> DATA FOR THIS TASK:
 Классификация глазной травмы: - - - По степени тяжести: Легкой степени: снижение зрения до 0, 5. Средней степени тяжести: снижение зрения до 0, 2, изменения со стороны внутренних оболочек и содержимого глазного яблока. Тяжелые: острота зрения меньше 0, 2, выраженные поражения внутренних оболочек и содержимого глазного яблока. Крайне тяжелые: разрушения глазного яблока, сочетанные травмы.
...
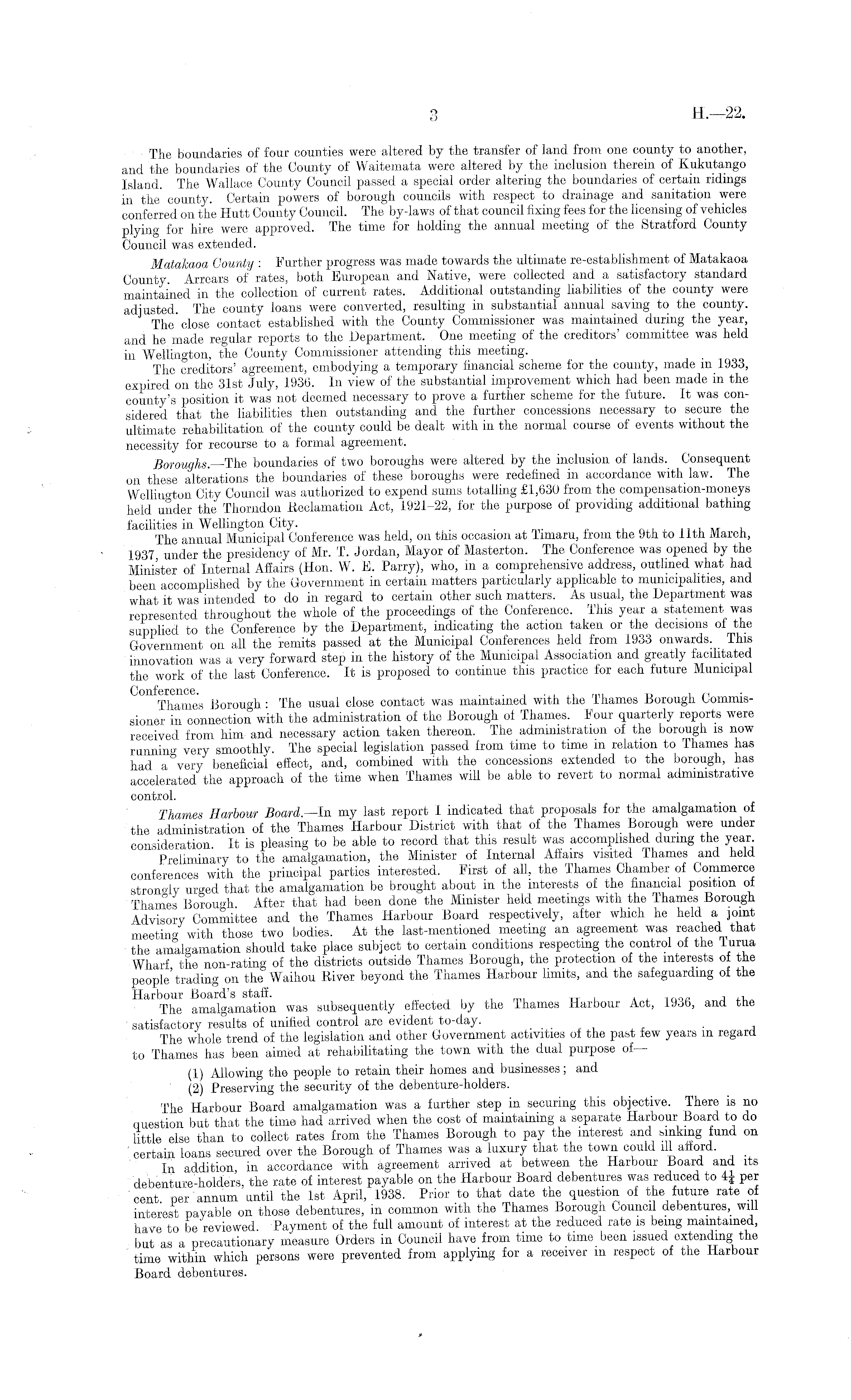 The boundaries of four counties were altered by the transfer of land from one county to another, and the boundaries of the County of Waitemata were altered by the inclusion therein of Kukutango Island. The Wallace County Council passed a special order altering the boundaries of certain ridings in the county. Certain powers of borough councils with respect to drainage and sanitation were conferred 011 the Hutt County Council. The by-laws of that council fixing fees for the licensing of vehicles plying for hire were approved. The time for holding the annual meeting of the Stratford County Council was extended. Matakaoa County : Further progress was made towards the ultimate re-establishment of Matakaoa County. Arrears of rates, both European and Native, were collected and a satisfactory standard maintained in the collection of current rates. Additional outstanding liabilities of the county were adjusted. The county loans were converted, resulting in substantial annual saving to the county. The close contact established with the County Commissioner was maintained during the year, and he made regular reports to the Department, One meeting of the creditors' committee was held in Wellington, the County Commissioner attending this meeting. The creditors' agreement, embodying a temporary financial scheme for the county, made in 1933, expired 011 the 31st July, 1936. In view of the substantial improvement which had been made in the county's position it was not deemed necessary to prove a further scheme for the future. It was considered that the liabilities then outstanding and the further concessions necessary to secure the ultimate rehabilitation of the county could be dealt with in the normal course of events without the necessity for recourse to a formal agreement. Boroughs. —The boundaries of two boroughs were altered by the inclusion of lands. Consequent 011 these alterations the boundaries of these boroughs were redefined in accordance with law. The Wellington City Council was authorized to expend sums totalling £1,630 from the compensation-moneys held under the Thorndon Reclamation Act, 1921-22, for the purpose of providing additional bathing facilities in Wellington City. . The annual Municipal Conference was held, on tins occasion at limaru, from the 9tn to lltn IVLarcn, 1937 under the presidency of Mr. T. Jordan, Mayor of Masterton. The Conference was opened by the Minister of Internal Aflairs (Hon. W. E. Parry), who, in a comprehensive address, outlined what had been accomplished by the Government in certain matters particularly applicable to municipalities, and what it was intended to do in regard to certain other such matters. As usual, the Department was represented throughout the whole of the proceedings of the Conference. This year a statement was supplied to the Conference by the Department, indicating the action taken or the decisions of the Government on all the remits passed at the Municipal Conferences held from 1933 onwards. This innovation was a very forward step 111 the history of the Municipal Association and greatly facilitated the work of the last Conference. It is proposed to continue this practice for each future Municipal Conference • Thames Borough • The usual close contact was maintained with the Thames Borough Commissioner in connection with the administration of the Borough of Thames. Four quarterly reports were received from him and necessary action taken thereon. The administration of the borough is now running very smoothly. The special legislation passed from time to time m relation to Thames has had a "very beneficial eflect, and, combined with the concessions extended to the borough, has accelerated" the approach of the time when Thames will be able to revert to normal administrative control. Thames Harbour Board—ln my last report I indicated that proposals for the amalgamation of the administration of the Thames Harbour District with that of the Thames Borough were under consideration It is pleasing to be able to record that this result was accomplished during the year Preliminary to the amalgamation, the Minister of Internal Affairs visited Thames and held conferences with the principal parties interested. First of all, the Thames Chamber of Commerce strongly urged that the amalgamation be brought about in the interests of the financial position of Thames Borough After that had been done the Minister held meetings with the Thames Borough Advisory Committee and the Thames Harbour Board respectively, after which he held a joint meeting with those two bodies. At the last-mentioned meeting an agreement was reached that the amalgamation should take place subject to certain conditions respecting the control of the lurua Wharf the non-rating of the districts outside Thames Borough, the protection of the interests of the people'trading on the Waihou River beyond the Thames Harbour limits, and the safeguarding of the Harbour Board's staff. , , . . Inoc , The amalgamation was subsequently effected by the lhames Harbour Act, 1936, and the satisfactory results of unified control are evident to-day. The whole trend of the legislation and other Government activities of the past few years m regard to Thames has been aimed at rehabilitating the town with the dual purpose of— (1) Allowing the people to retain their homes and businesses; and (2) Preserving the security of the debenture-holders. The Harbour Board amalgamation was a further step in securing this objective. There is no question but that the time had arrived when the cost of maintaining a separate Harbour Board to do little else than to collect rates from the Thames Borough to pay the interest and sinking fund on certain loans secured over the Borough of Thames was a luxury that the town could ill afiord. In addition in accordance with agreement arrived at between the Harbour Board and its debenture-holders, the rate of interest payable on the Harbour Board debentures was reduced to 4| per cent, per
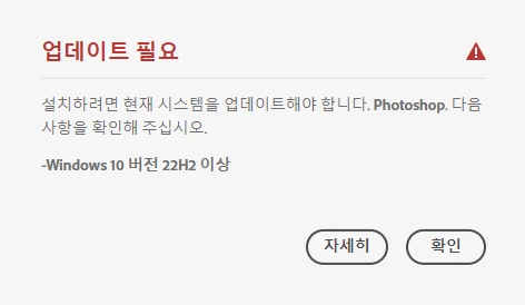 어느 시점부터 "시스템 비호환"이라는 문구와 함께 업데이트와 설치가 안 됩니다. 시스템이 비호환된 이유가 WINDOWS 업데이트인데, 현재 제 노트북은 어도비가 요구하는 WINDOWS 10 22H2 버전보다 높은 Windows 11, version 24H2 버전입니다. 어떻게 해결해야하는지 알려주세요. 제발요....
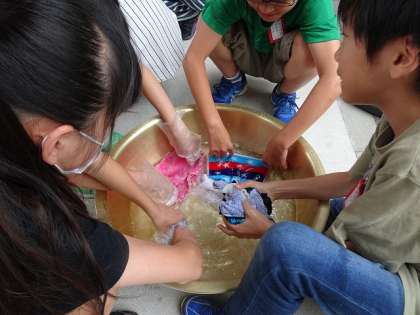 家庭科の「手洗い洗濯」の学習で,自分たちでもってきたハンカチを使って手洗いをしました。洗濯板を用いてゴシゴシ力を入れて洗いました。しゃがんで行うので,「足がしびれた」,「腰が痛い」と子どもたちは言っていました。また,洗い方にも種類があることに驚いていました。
* * *
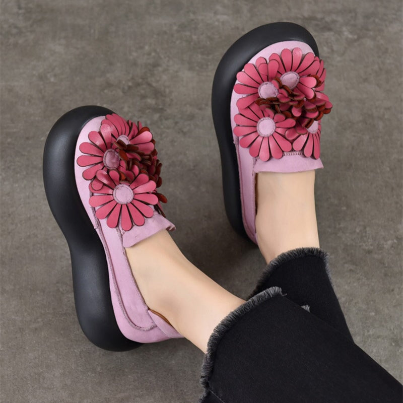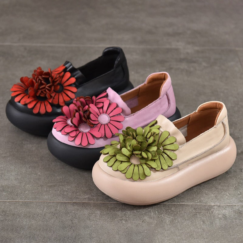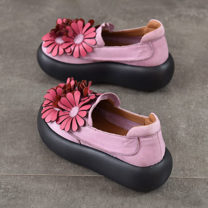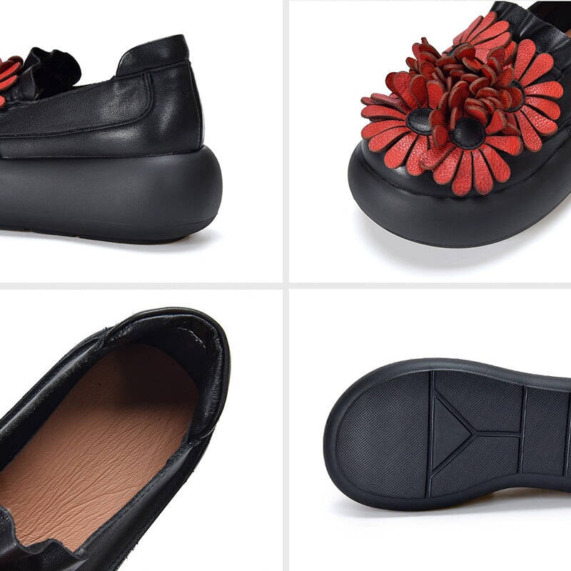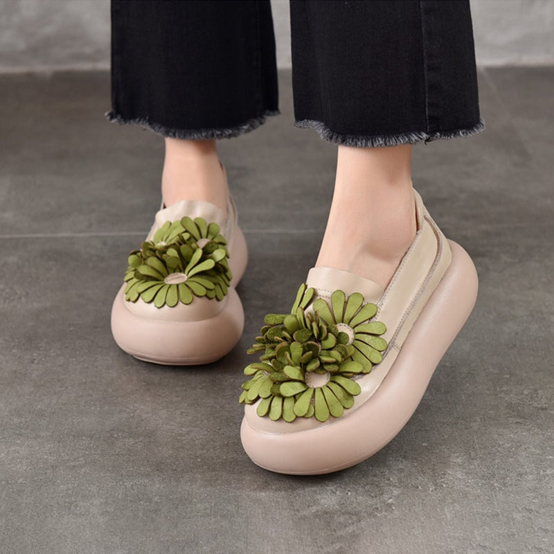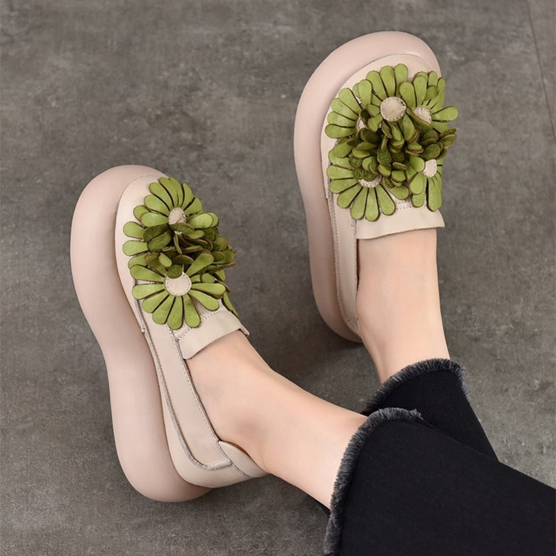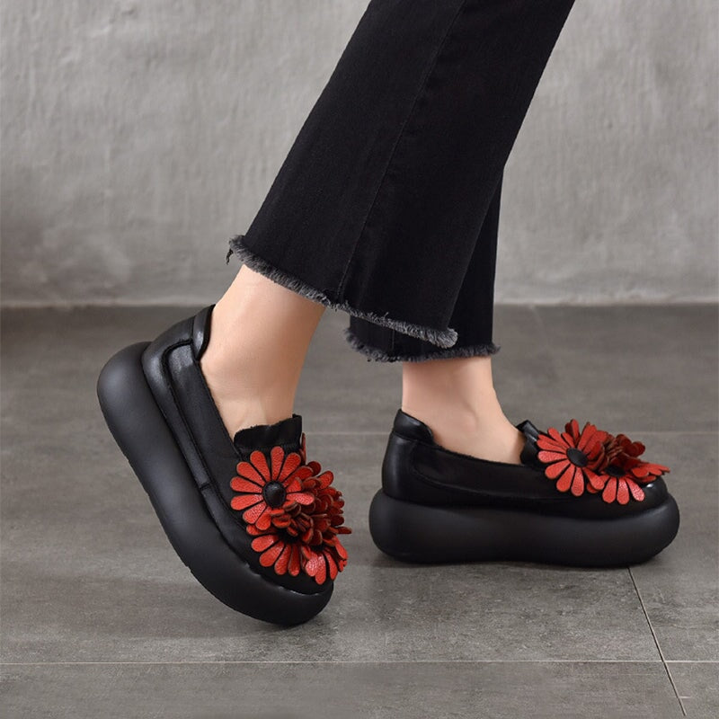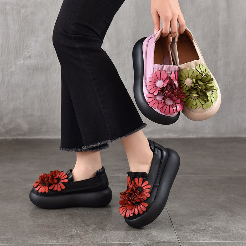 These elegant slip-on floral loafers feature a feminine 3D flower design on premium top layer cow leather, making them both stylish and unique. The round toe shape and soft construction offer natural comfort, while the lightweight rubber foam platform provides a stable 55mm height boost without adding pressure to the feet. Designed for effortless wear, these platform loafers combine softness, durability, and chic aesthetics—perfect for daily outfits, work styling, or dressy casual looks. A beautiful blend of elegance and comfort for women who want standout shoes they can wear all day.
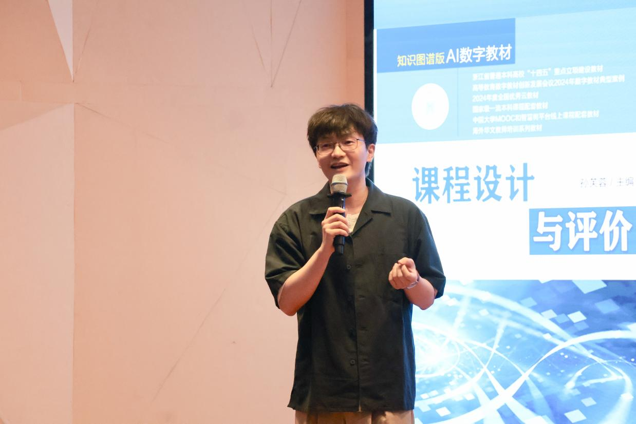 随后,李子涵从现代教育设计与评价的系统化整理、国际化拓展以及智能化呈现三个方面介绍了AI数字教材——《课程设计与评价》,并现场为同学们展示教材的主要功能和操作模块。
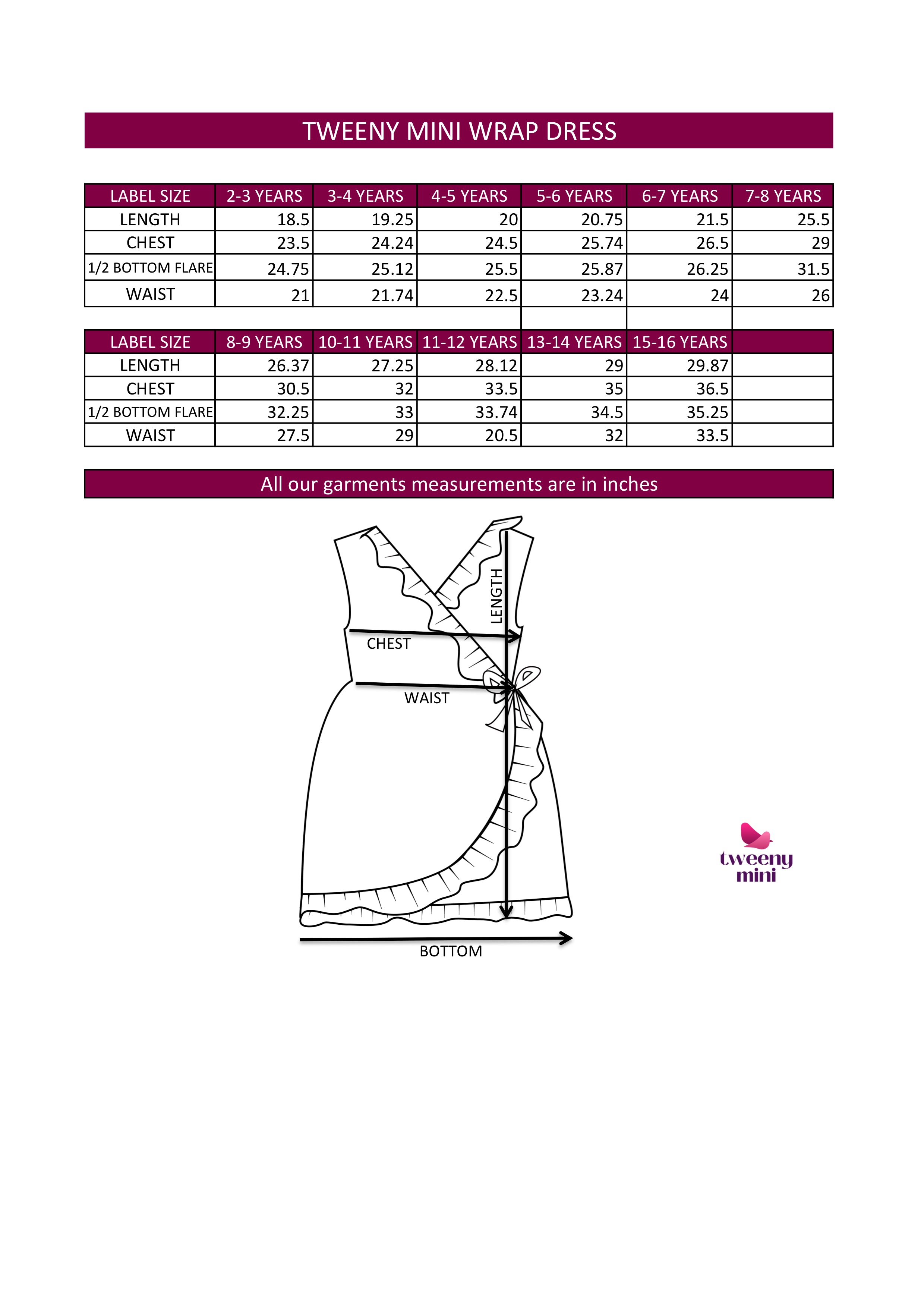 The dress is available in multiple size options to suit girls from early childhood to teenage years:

> AIM OF THE TASK: Pictures in the material above should be skipped; print exactly the lines from the one with "随后,李子涵从现代教育设计与" through the one with "The dress is".

> SOLUTION TO THIS EXERCISE:
 随后,李子涵从现代教育设计与评价的系统化整理、国际化拓展以及智能化呈现三个方面介绍了AI数字教材——《课程设计与评价》,并现场为同学们展示教材的主要功能和操作模块。
 The dress is available in multiple size options to suit girls from early childhood to teenage years:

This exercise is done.